> To do:
Reproduce the data in full, exactly as given, leaving images out.

> The data:
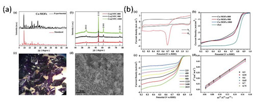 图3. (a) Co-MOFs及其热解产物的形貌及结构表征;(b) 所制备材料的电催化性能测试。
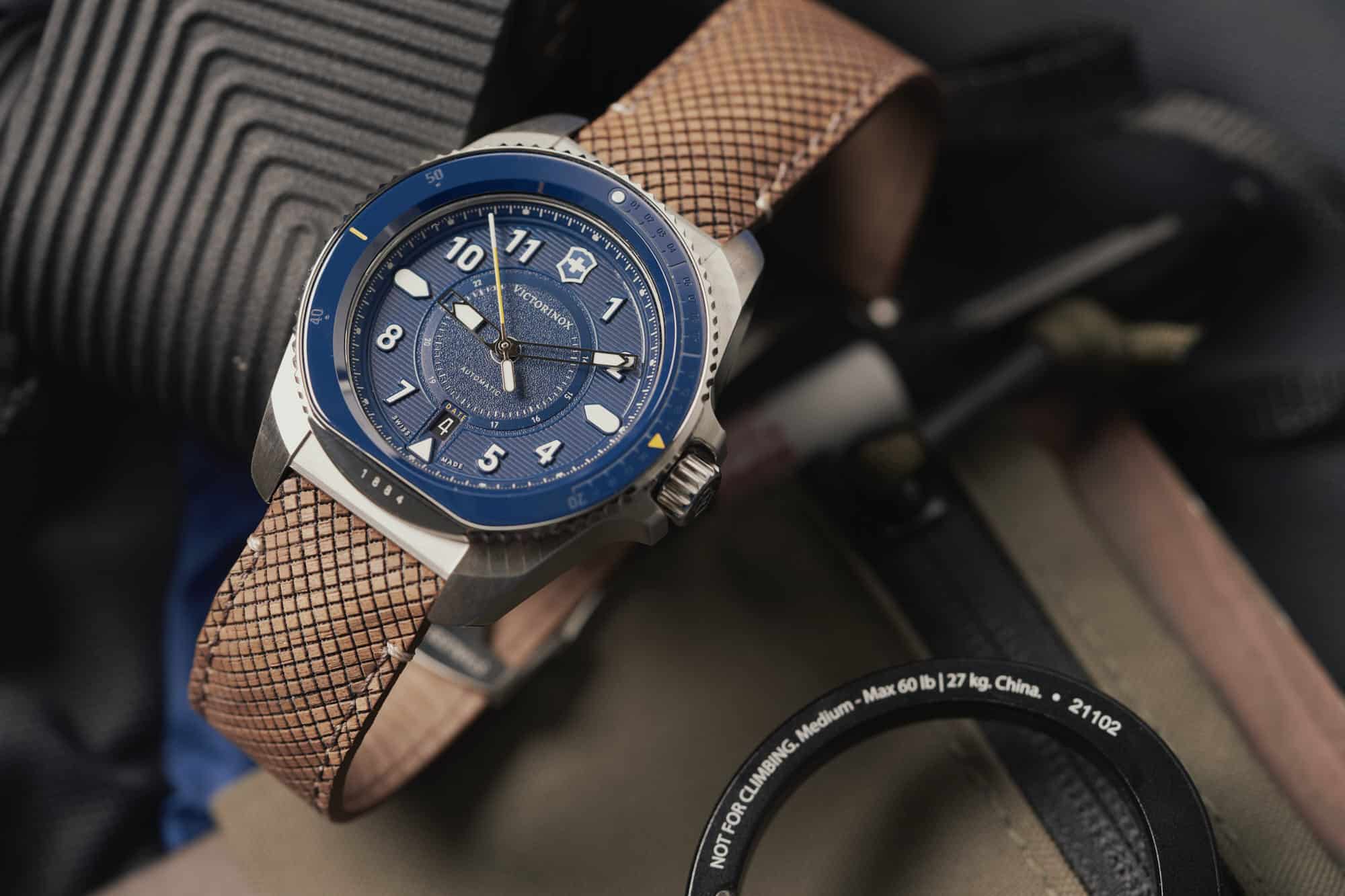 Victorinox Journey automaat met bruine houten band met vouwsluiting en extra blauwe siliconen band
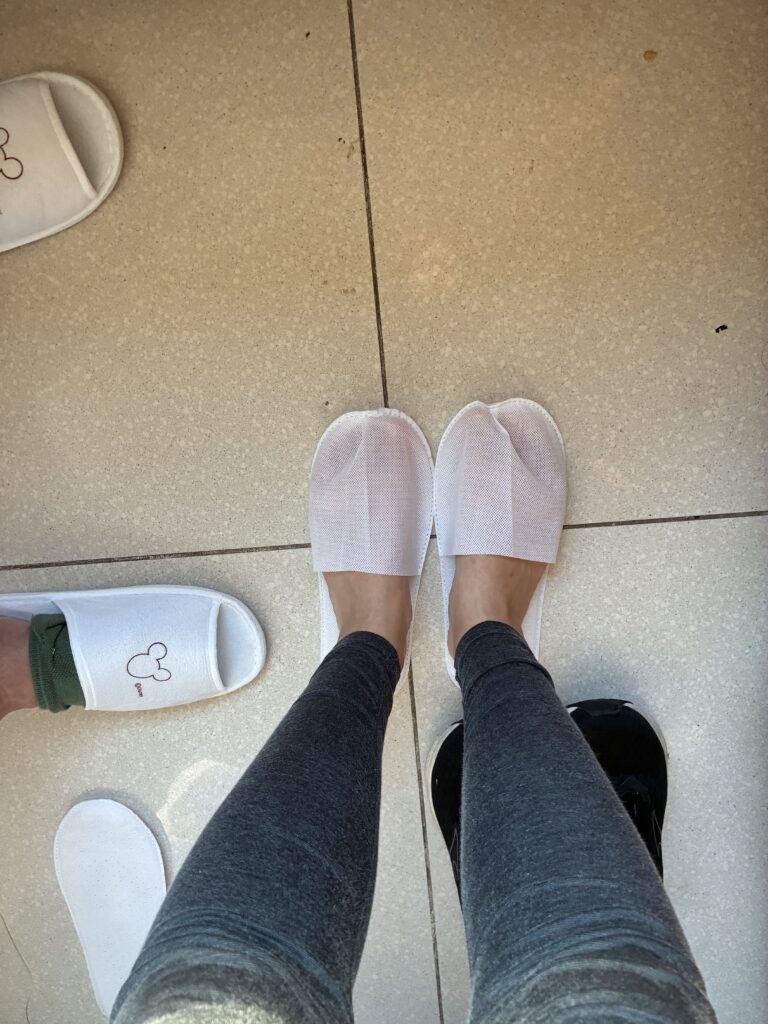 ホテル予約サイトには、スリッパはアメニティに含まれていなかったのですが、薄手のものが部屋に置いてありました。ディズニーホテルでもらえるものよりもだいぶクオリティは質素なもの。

> Answer area:
 图3. (a) Co-MOFs及其热解产物的形貌及结构表征;(b) 所制备材料的电催化性能测试。
 Victorinox Journey automaat met bruine houten band met vouwsluiting en extra blauwe siliconen band
 ホテル予約サイトには、スリッパはアメニティに含まれていなかったのですが、薄手のものが部屋に置いてありました。ディズニーホテルでもらえるものよりもだいぶクオリティは質素なもの。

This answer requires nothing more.